Post questions here relative to DataStage Enterprise/PX Edition for such areas as Parallel job design, Parallel datasets, BuildOps, Wrappers, etc.

Moderators: chulett, rschirm, roy

suryadev
Premium Member
Premium Member
Posts: 211
Joined: Sun Jul 11, 2010 7:39 pm

XML Input stage

Post by suryadev »

Hello,

I am trying to parse an XML document using
External source--->XML_input---->Sequentialfile

Gave all the properties in the stages and I see no warnings or errors but the output looks different.
Input is <ENTITY>172</ENTITY>
<ACCOUNT>0000000006196</ACCOUNT>
<TRACK>0</TRACK>
<USER_CD>1101</USER_CD>
Output I get is ENTITY:<ENTITY>172</ENTITY>ACCOUNT:<ACCOUNT>0000000006196</ACCOUNT>TRACK:<TRACK>0</TRACK>USER_CD:<USER_CD>1101</USER_CD>

I was expecting ENTITY:172
ACCOUNT:0000000006196
TRACK:0
USER_CD:1101

can someone help me why am I getting the tags also in the output?

Thank you!
Thanks,
Surya
ray.wurlod
Participant
Posts: 54607
Joined: Wed Oct 23, 2002 10:52 pm
Location: Sydney, Australia
Contact:

Post by ray.wurlod »

Describe the XPath expressions and other settings you have used in the XML Input stage.
IBM Software Services Group
Any contribution to this forum is my own opinion and does not necessarily reflect any position that IBM may hold.
suryadev
Premium Member
Premium Member
Posts: 211
Joined: Sun Jul 11, 2010 7:39 pm

Post by suryadev »

XML input stage:
Under stage->transformation Settings->selected repetition element required
Input->XMLsource->gave filename and selected URL/Filepath
-->columns--->gave filename with varchar (no) an length 255
output->transformation Settings->selected repetition element required
---> columns -gave all the columns except the top one

Now after trying some options the output looks like
ENTITY
<ENTITY>172</ENTITY>
ACCOUNT
<ACCOUNT>0000000006196</ACCOUNT>
TRACK
<TRACK>0</TRACK>
USER_CD
<USER_CD>1101</USER_CD>
which is the column name is good with entity or account or track or user_code and the records are also under the corresponding column but tags are not removed. Not sure what the reason could be :?
Thanks,
Surya
suryadev
Premium Member
Premium Member
Posts: 211
Joined: Sun Jul 11, 2010 7:39 pm

Post by suryadev »

There is some issue with the main tag which is the ID. Now after using it as ID I got the right output when pulling the XML from file which has its data loaded from a table.
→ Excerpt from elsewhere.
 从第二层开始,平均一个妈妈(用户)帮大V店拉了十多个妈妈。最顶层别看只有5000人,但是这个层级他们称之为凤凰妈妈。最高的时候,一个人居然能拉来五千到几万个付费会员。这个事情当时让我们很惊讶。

When reading the same CLOB field from the DB directly, it is throwing an error which says "Xalan fatal error" due to Invalid document structure"
The job design is DBstage--->Transformer---->XMLinput----->Sequentialfile

I am not using the external source stage.....as there is no path for the table...

Please suggest,Thank you
Thanks,
Surya
eostic
Premium Member
Premium Member
Posts: 3838
Joined: Mon Oct 17, 2005 9:34 am

Post by eostic »

The result you are getting is by design. Sometimes it is useful to retrieve whole tags.
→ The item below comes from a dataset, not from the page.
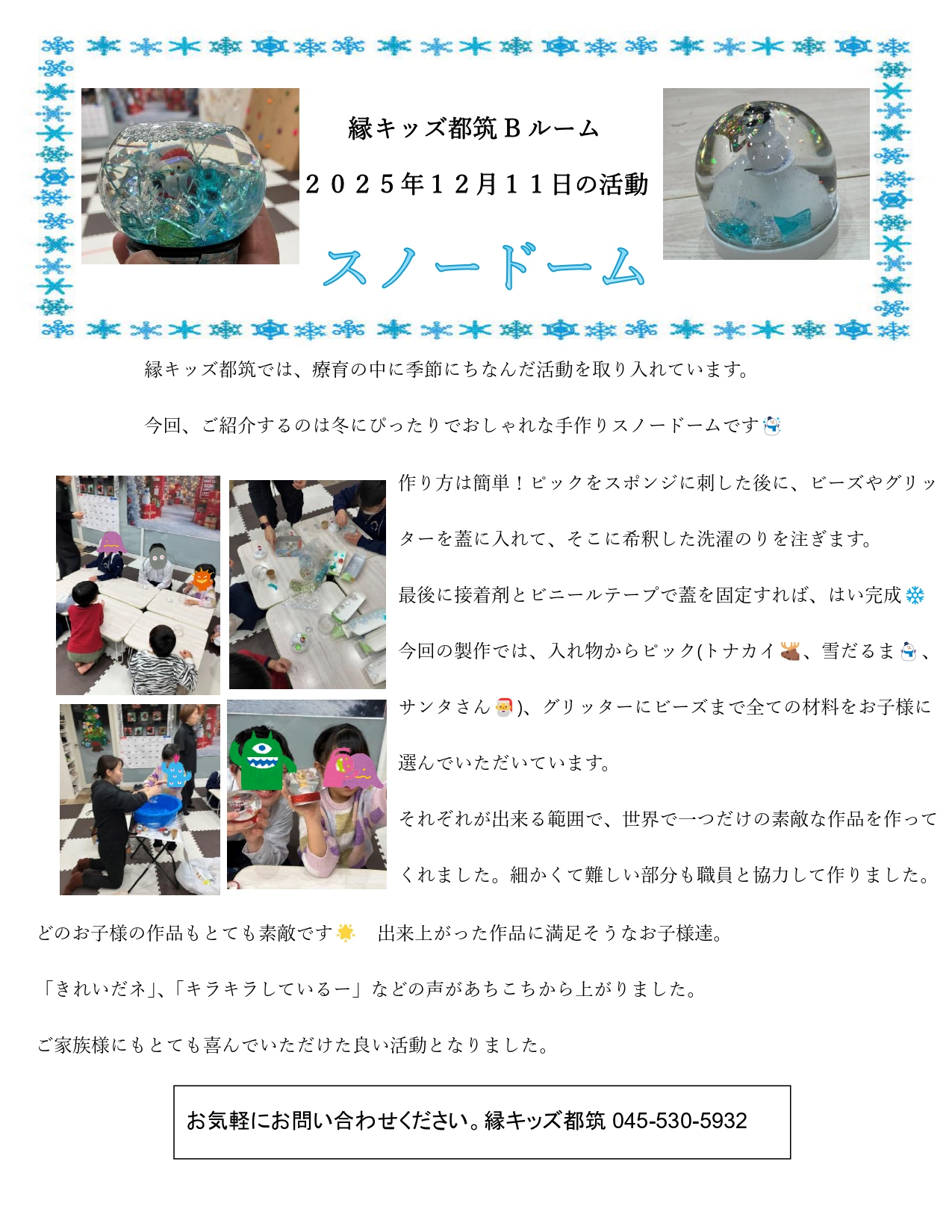 【都筑区 縁キッズ都筑】スノードーム制作

Open your output link and scroll all the way to the right and review the Description property.

The contents are formal "xpath". When it ends in a slash, you get the whole tag. When it ends in /text(), you get the "contents" of the tag.

Ernie
Ernie Ostic

blogit!
<a href="https://dsrealtime.wordpress.com/2015/0 ... ere/">Open IGC is Here!</a>
suryadev
Premium Member
Premium Member
Posts: 211
Joined: Sun Jul 11, 2010 7:39 pm

Post by suryadev »

Thank you Ernie!

So if the whole tags are retrieved , I can get the output when pulled from the DB. How do I get the whole tags, when importing do I need to select something?
as you said when I see the description it ends in /text(), please suggest how to retrieve the whole tags?
Thanks,
Surya
ray.wurlod
Participant
Posts: 54607
Joined: Wed Oct 23, 2002 10:52 pm
Location: Sydney, Australia
Contact:

Post by ray.wurlod »

That's where I was heading when I asked you for your xpath expressions. Ernie pre-empted me. But that's OK - the more people answering questions well, the better.
IBM Software Services Group
Any contribution to this forum is my own opinion and does not necessarily reflect any position that IBM may hold.
chulett
Charter Member
Charter Member
Posts: 43085
Joined: Tue Nov 12, 2002 4:34 pm
Location: Denver, CO

Post by chulett »

suryadev wrote:please suggest how to retrieve the whole tags?
eostic wrote:When it ends in a slash, you get the whole tag.
-craig

"You can never have too many knives" -- Logan Nine Fingers
suryadev
Premium Member
Premium Member
Posts: 211
Joined: Sun Jul 11, 2010 7:39 pm

Post by suryadev »

I removed the text() after / which made the derivation ending with / but still I get the warning and the records are not passing after XML input stage.

Below are the warnings
XML input document parsing failed.
Xalan fatal error (publicId: , systemId: , line: 2, column: 2): Invalid character (Unicode: 0x0)
XML input document parsing failed.
Xalan fatal error (publicId: , systemId: , line: 1, column: 6): There are more end tags than start tags
XML input document parsing failed.
Xalan fatal error (publicId: , systemId: , line: 2, column: 1): Invalid document structure


Thanks again
Thanks,
Surya
eostic
Premium Member
Premium Member
Posts: 3838
Joined: Mon Oct 17, 2005 9:34 am

Post by eostic »

Which problem are we helping to resolve? Take my post and apply it to your working job in the very first post. That will show you how to get whole tags (what your very first post is getting) vs just the "value" of the tags (what your first post says you wanted).

Ernie
Ernie Ostic

blogit!
<a href="https://dsrealtime.wordpress.com/2015/0 ... ere/">Open IGC is Here!</a>
suryadev
Premium Member
Premium Member
Posts: 211
Joined: Sun Jul 11, 2010 7:39 pm

Post by suryadev »

Actually when waiting for the solution for the issue, I tried some options and was updating the output each time I made changes.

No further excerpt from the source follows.